Make a verbatim copy of the entries below; pictures stay out.

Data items
+++

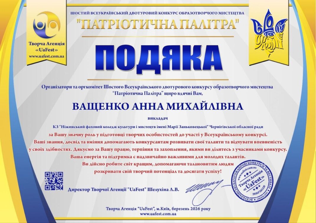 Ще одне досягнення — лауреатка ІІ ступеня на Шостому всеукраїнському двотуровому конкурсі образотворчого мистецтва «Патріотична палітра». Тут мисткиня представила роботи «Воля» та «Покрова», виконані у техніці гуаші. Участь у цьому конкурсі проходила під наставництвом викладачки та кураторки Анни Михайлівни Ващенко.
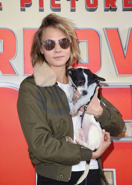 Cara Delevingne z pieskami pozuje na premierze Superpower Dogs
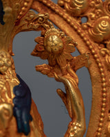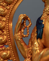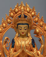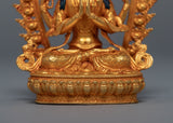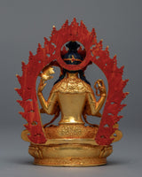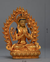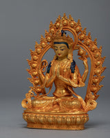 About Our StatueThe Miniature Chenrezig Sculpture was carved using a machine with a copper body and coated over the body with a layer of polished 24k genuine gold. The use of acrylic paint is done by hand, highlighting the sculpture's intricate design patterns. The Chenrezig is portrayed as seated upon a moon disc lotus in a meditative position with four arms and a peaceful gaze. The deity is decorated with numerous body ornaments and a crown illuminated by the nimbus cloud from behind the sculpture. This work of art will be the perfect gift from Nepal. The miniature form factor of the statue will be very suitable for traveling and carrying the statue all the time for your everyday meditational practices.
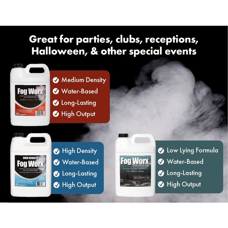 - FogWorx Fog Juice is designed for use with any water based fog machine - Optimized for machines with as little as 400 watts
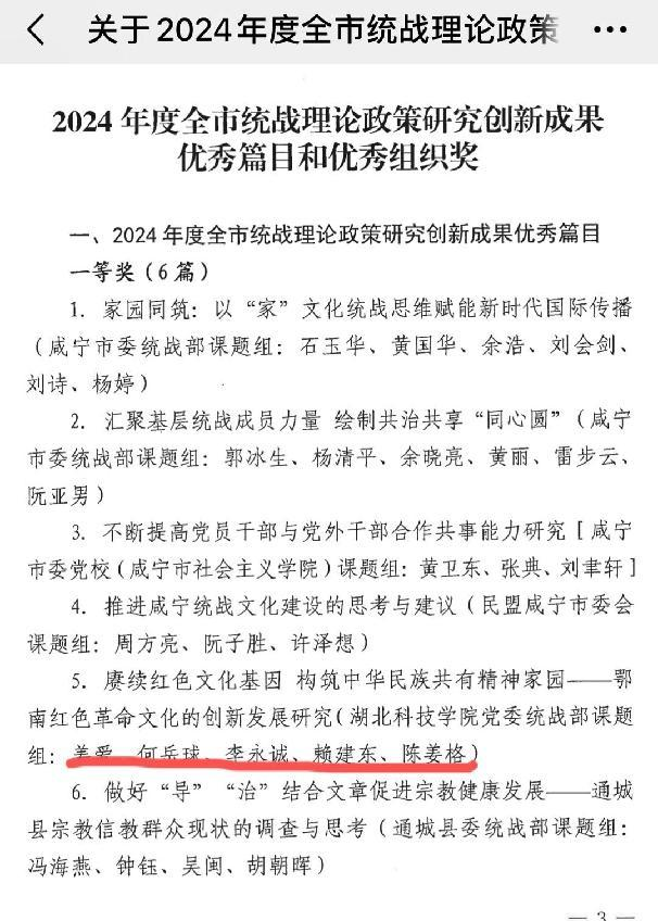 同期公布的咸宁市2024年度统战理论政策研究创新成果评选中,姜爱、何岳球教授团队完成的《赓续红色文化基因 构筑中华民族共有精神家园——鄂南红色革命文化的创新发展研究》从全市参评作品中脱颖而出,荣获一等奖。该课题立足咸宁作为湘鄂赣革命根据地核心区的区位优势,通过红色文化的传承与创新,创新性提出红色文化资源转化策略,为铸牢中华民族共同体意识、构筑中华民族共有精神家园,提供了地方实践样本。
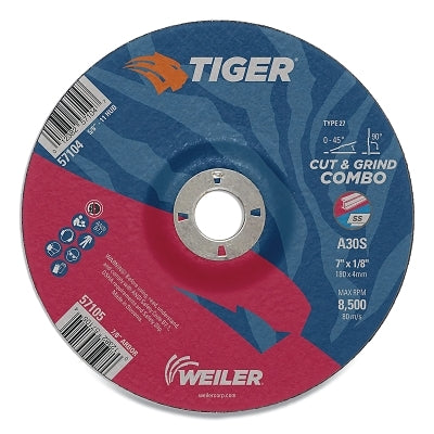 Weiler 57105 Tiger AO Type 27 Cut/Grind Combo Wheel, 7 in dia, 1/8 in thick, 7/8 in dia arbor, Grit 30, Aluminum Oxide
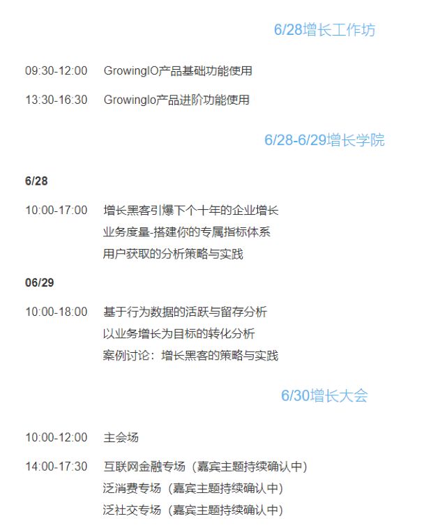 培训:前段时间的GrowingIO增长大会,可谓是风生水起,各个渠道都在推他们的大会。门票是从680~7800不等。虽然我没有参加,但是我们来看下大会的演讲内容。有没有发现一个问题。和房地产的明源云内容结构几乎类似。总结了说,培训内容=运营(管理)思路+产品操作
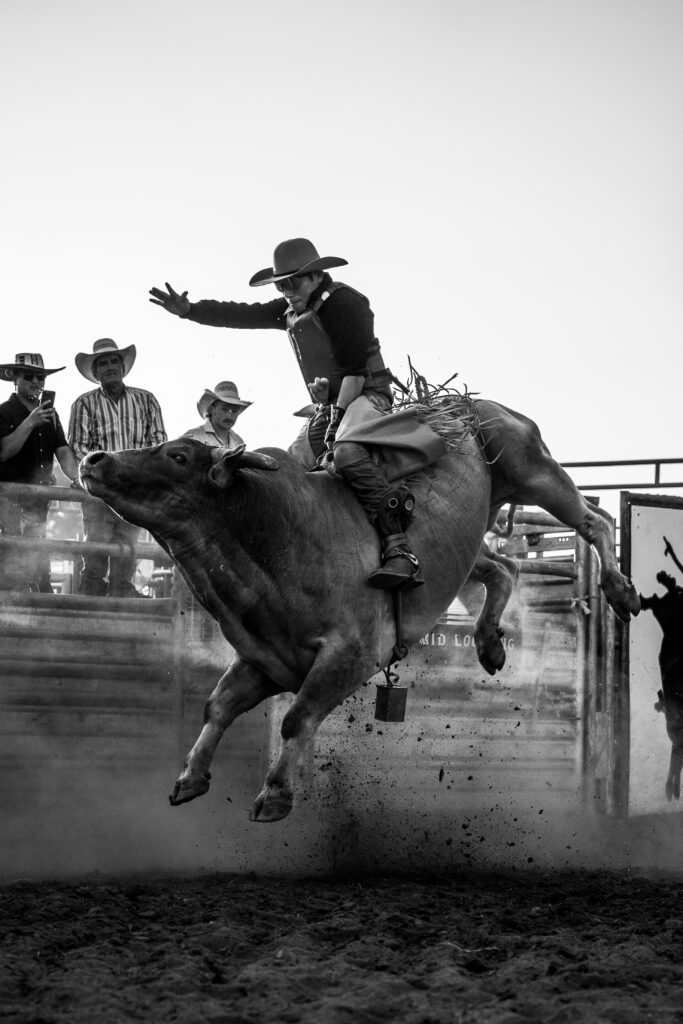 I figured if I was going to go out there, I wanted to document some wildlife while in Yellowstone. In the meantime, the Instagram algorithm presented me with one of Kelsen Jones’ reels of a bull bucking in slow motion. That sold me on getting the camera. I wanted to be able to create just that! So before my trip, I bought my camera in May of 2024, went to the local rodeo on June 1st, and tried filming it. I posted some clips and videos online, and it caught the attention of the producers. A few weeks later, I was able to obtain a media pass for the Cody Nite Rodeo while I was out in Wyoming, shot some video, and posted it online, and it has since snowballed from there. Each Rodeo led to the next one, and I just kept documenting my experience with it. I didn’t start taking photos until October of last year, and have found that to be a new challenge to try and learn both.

+++

Answer box —
 Ще одне досягнення — лауреатка ІІ ступеня на Шостому всеукраїнському двотуровому конкурсі образотворчого мистецтва «Патріотична палітра». Тут мисткиня представила роботи «Воля» та «Покрова», виконані у техніці гуаші. Участь у цьому конкурсі проходила під наставництвом викладачки та кураторки Анни Михайлівни Ващенко.
 Cara Delevingne z pieskami pozuje na premierze Superpower Dogs
 About Our StatueThe Miniature Chenrezig Sculpture was carved using a machine with a copper body and coated over the body with a layer of polished 24k genuine gold. The use of acrylic paint is done by hand, highlighting the sculpture's intricate design patterns. The Chenrezig is portrayed as seated upon a moon disc lotus in a meditative position with four arms and a peaceful gaze. The deity is decorated with numerous body ornaments and a crown illuminated by the nimbus cloud from behind the sculpture. This work of art will be the perfect gift from Nepal. The miniature form factor of the statue will be very suitable for traveling and carrying the statue all the time for your everyday meditational practices.
 - FogWorx Fog Juice is designed for use with any water based fog machine - Optimized for machines with as little as 400 watts
 同期公布的咸宁市2024年度统战理论政策研究创新成果评选中,姜爱、何岳球教授团队完成的《赓续红色文化基因 构筑中华民族共有精神家园——鄂南红色革命文化的创新发展研究》从全市参评作品中脱颖而出,荣获一等奖。该课题立足咸宁作为湘鄂赣革命根据地核心区的区位优势,通过红色文化的传承与创新,创新性提出红色文化资源转化策略,为铸牢中华民族共同体意识、构筑中华民族共有精神家园,提供了地方实践样本。
 Weiler 57105 Tiger AO Type 27 Cut/Grind Combo Wheel, 7 in dia, 1/8 in thick, 7/8 in dia arbor, Grit 30, Aluminum Oxide
 培训:前段时间的GrowingIO增长大会,可谓是风生水起,各个渠道都在推他们的大会。门票是从680~7800不等。虽然我没有参加,但是我们来看下大会的演讲内容。有没有发现一个问题。和房地产的明源云内容结构几乎类似。总结了说,培训内容=运营(管理)思路+产品操作
 I figured if I was going to go out there, I wanted to document some wildlife while in Yellowstone. In the meantime, the Instagram algorithm presented me with one of Kelsen Jones’ reels of a bull bucking in slow motion. That sold me on getting the camera. I wanted to be able to create just that! So before my trip, I bought my camera in May of 2024, went to the local rodeo on June 1st, and tried filming it. I posted some clips and videos online, and it caught the attention of the producers. A few weeks later, I was able to obtain a media pass for the Cody Nite Rodeo while I was out in Wyoming, shot some video, and posted it online, and it has since snowballed from there. Each Rodeo led to the next one, and I just kept documenting my experience with it. I didn’t start taking photos until October of last year, and have found that to be a new challenge to try and learn both.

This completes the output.